Collected data entries:
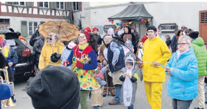
Klein und Gross im Fasnetfieber auf dem Stedi.

Montag, 10. März, 16.30 Uhr: Schnitzelbank mit Eselingers Töchter im Bodenseehotel Abends Beizenfasnet mit Schnitzelbank der Eselingers Töchter: 20.00 Uhr Hirschen 21.00 Uhr Schiff Für Stimmung sorgen die Heugümpers & Velopümpers
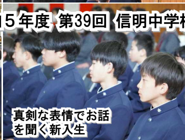
真剣な表情でお話を聞く新入生
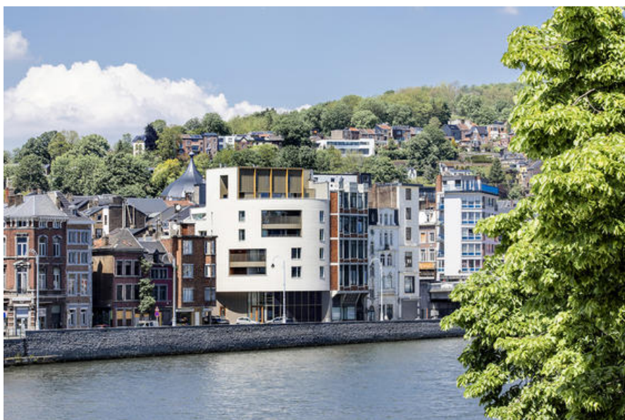
Â© Olivier Fourneau Architectes scprl
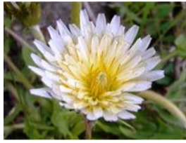
白花蒲公英(シロバナタンポポ)
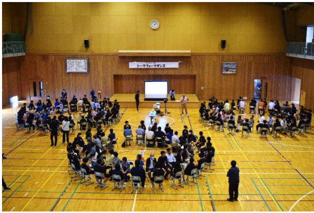
↑トークフォークダンスの様子
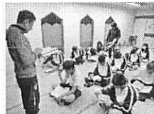
▲室長会議で日程確認
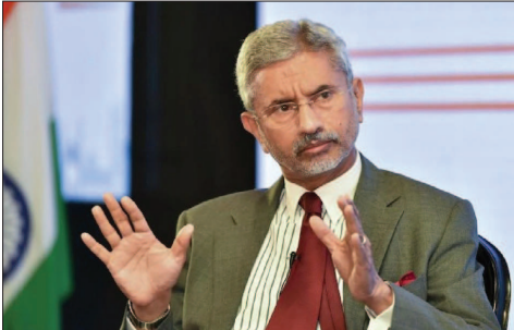
नई दिल्ली ।

भारत के विदेश मंत्री एस जयशंकर ने पड़ोसी मुल्क पाकिस्तान की आतंकवाद को शाह देने की करतूतों पर खिंचाई की और कहा कि कोई अन्य देश 'आतंकवाद की प्रैक्टिस' नहीं करता है। उन्होंने कहा कि मोदी सरकार की कूटनीति ने अन्य देशों को आतंकवाद के मुद्दे को गंभीरता से लेने के लिए प्रेरित किया।
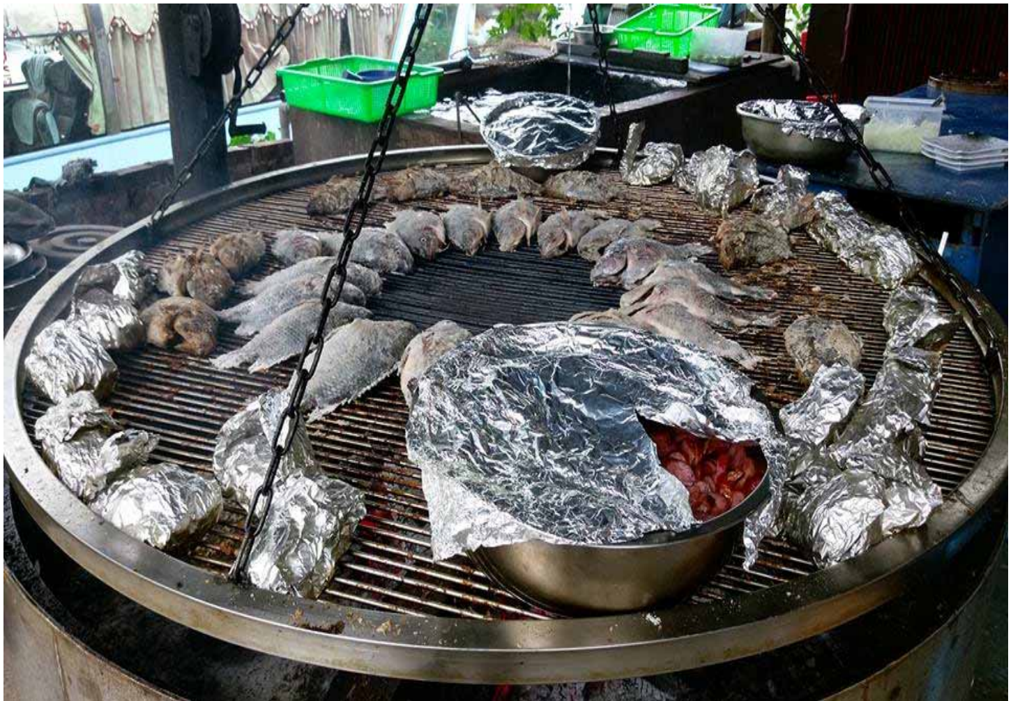
總令人垂涎三尺的原住民風味餐
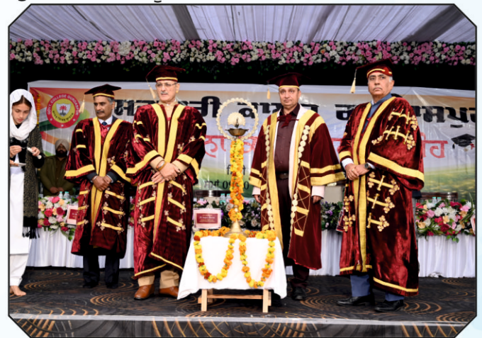
ਪ੍ਰਮੁੱਖ ਸਖਸ਼ੀਅਤਾਂ ਕਨਵੋਕੇਸ਼ਨ ਸਮਾਗਮ ਵਿੱਚ ਸ਼ਾਮਾਂ ਰੌਸ਼ਨ ਕਰਦੀਆਂ ਹੋਈਆਂ
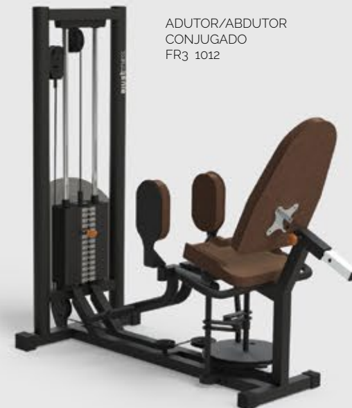
ADUTOR/ABDUTOR CONJUGADO FR3 1012

Todos os equipamentos da Linha FR3 podem ser produzidos com carenagem total (Plus) ou baixa. Veja a diferença nos equipamentos acima.

TASK INSTRUCTIONS
Reproduce the data above exactly, leaving each picture out.

OUTPUT OF THE TASK
Klein und Gross im Fasnetfieber auf dem Stedi.

Montag, 10. März, 16.30 Uhr: Schnitzelbank mit Eselingers Töchter im Bodenseehotel Abends Beizenfasnet mit Schnitzelbank der Eselingers Töchter: 20.00 Uhr Hirschen 21.00 Uhr Schiff Für Stimmung sorgen die Heugümpers & Velopümpers
真剣な表情でお話を聞く新入生
Â© Olivier Fourneau Architectes scprl
白花蒲公英(シロバナタンポポ)
↑トークフォークダンスの様子
▲室長会議で日程確認
नई दिल्ली ।

भारत के विदेश मंत्री एस जयशंकर ने पड़ोसी मुल्क पाकिस्तान की आतंकवाद को शाह देने की करतूतों पर खिंचाई की और कहा कि कोई अन्य देश 'आतंकवाद की प्रैक्टिस' नहीं करता है। उन्होंने कहा कि मोदी सरकार की कूटनीति ने अन्य देशों को आतंकवाद के मुद्दे को गंभीरता से लेने के लिए प्रेरित किया।
總令人垂涎三尺的原住民風味餐
ਪ੍ਰਮੁੱਖ ਸਖਸ਼ੀਅਤਾਂ ਕਨਵੋਕੇਸ਼ਨ ਸਮਾਗਮ ਵਿੱਚ ਸ਼ਾਮਾਂ ਰੌਸ਼ਨ ਕਰਦੀਆਂ ਹੋਈਆਂ
ADUTOR/ABDUTOR CONJUGADO FR3 1012

Todos os equipamentos da Linha FR3 podem ser produzidos com carenagem total (Plus) ou baixa. Veja a diferença nos equipamentos acima.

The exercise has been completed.